One possible theory is that the current pathogen, enterovirus 68, or a virus very similar to it has circulated undetected in the past, Schaffner said. That means adults may have already been exposed to it and have built up immunity.

However, Schaffner said it’s more likely that adults aren’t being infected because enteroviruses are so common.

“Older family members may have built up some antibodies to enteroviruses in general that are providing some cross-protection,” he said.

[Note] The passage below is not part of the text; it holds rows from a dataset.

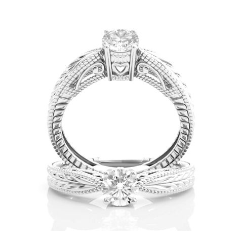 2 Carat Moissanite Solitaire Engagement Ring with Tapered Etched Band In 14 Karat White Gold
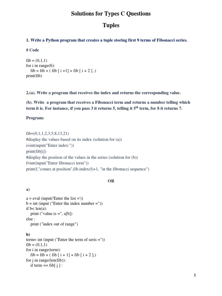 1. Write a Python program that creates a tuple storing first 9 terms of Fibonacci series.
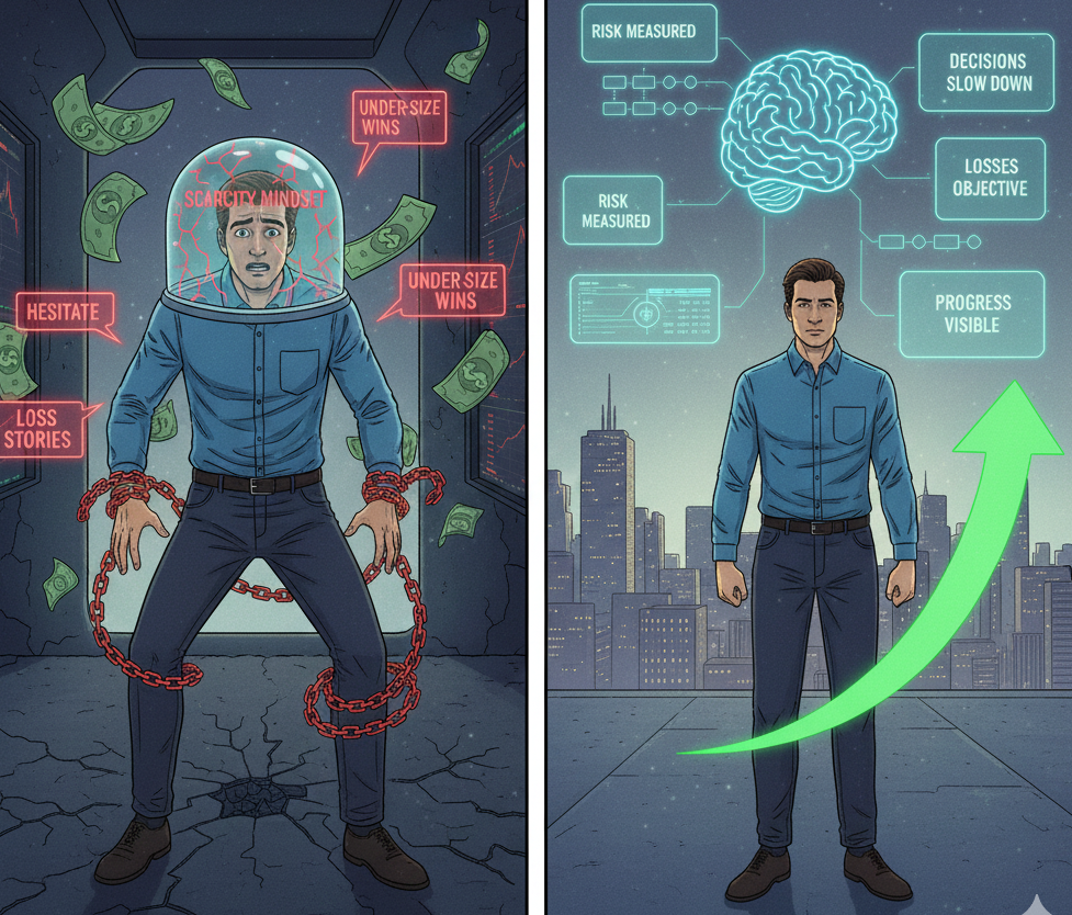 Those ideas shape every decision. They hesitate. They under-size wins. They exit early. Not because markets are hard. Because their thinking is capped.
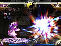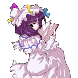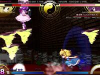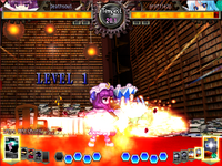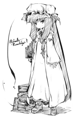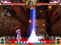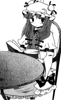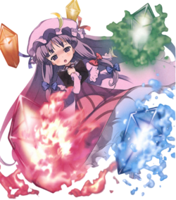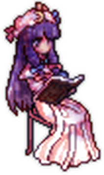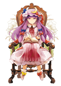 Patchouli Knowledge (パチュリー・ノーレッジ Pachurii Nōrejji) is a youkai magician and witch who resides in the library of the Scarlet Devil Mansion. She is close friends with the mansion's mistress, Remilia Scarlet, and serves as her librarian. Patchouli first appeared as the Stage 4 boss in Embodiment of Scarlet Devil and has been a playable character in several fighting games starting with Immaterial and Missing Power. She can also appear as a supporting character for Marisa Kirisame in Subterranean Animism.
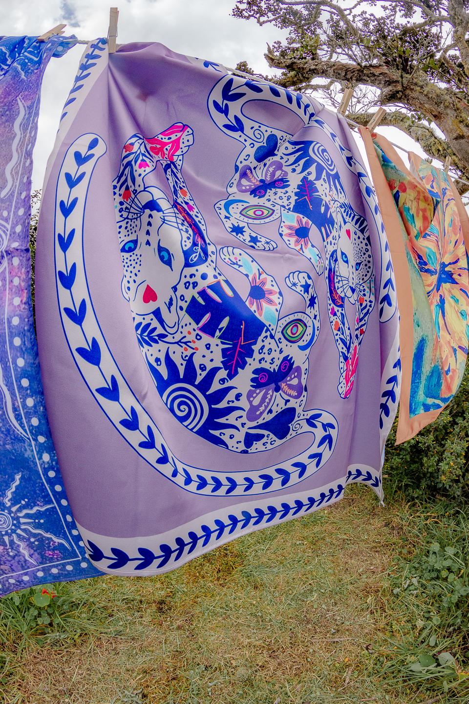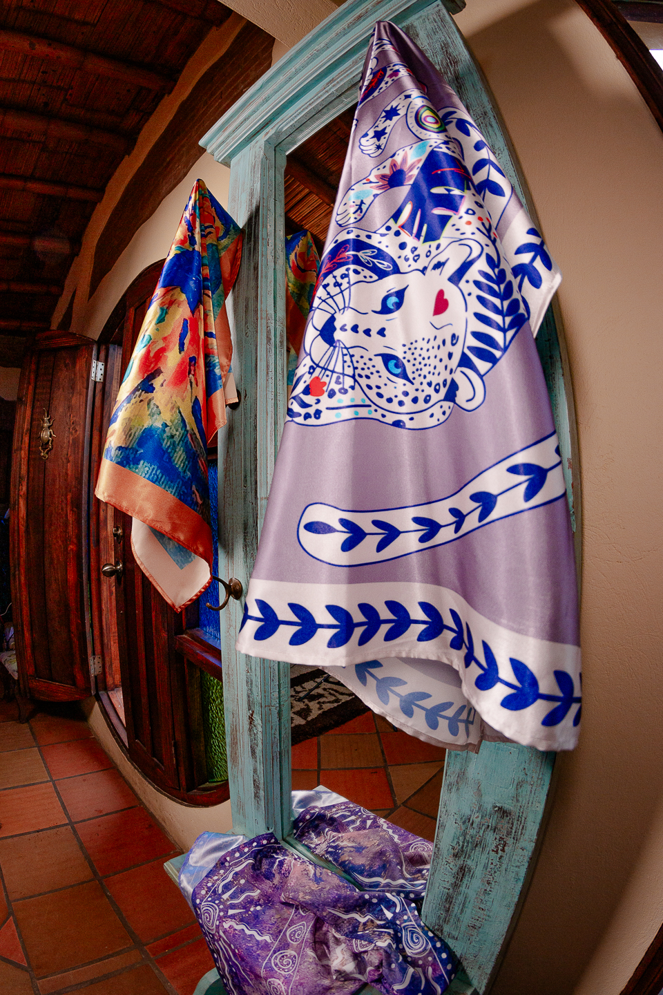 Descubre la elegancia y el arte de nuestras pañoletas de seda, una celebración de color y creatividad. Cada pañoleta está estampada con obras de arte y diseños digitales hechos a mano, convirtiéndolas en piezas exclusivas que destacan por su vibrante paleta de colores.
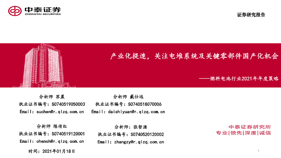 【中泰证券】【20210118】燃料电池行业2021年年度策略:产业化提速,关注电堆系统及关键零部件国产化机会-45页
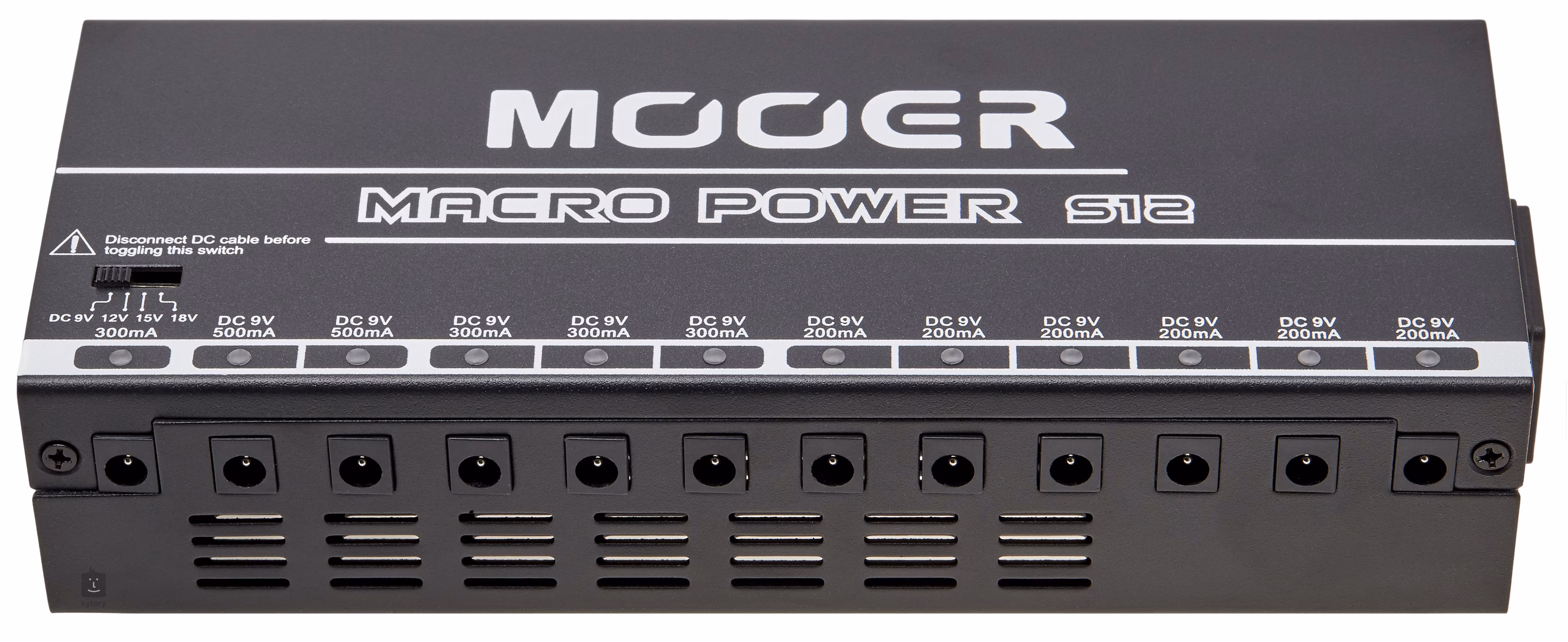 A Macro Power S12 egy kompakt multiadapter, amellyel egyszerre akár tizenkét effektet is táplálhat. Összesen tizenkét LED-jelzésű kimenetet kínál, köztük egy állítható feszültségű (9/12/15/18 V) és 300 mA maximális felvétellel, valamint tizenegy szabványos 9 V-os kimenetet - hat 200 mA-es, három 300 mA-es és két 500 mA-es kimenetet. A hálózati feszültségkapcsoló (110-120 V és 220-240 V) lehetővé teszi a multiadapter világméretű használatát.
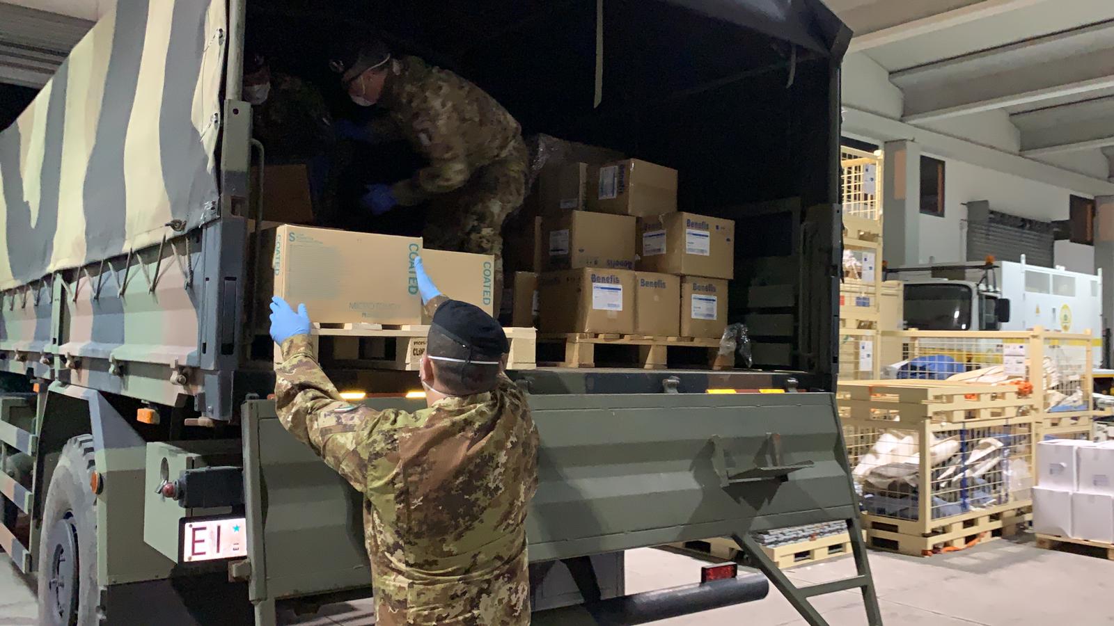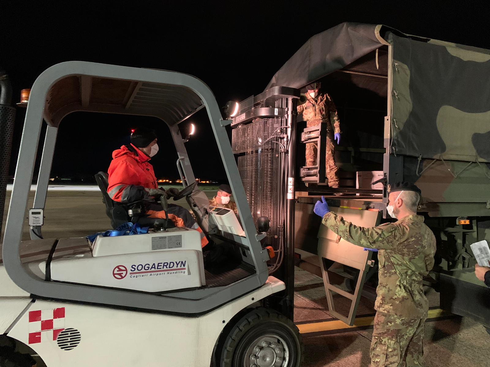 All’arrivo nell’isola i colli sono stati scaricati dai militari della Brigata “Sassari” che li hanno trasportati fino al sito di stoccaggio della Protezione Civile a Macchiareddu, da dove, successivamente, partiranno per distribuirli non solo nelle strutture sanitarie e in quelle per anziani, ma anche negli enti locali di tutta la Sardegna.

Dr. Michael Tosi, chief of pediatric infectious diseases at Mount Sinai Hospital in New York City, said he doesn’t expect to see many adult cases if any at all.

“In general we see enteroviruses more in children than adults anyway,” Tosi said. “When they do get them they are often asymptomatic or have less serious reactions that don’t require hospitalization.”

Schaffner agreed it’s unlikely there will be mass outbreak in older people. The virus has been around since the summer and children have been exposing their families to it for months, he said. If it was going to spread to adults, it probably would have already.

However, he noted that enterovirus 68 is a bit of a rogue.

“Many enteroviruses are transmitted and live in intestinal tract but this virus is spread by a respiratory route, more like how winter flus are spread,” he explained. “We’ll definitely have to watch it and see how it behaves.”

Enterovirus 68 is similar to the common cold, but symptoms can be more serious, according to the U.S. Centers for Disease Control and Prevention. It causes wheezing and in some instances, neurological symptoms and temporary paralysis. How it spreads is unclear, though most enteroviruses spread through contact with respiratory secretions like saliva and mucous, as well as feces.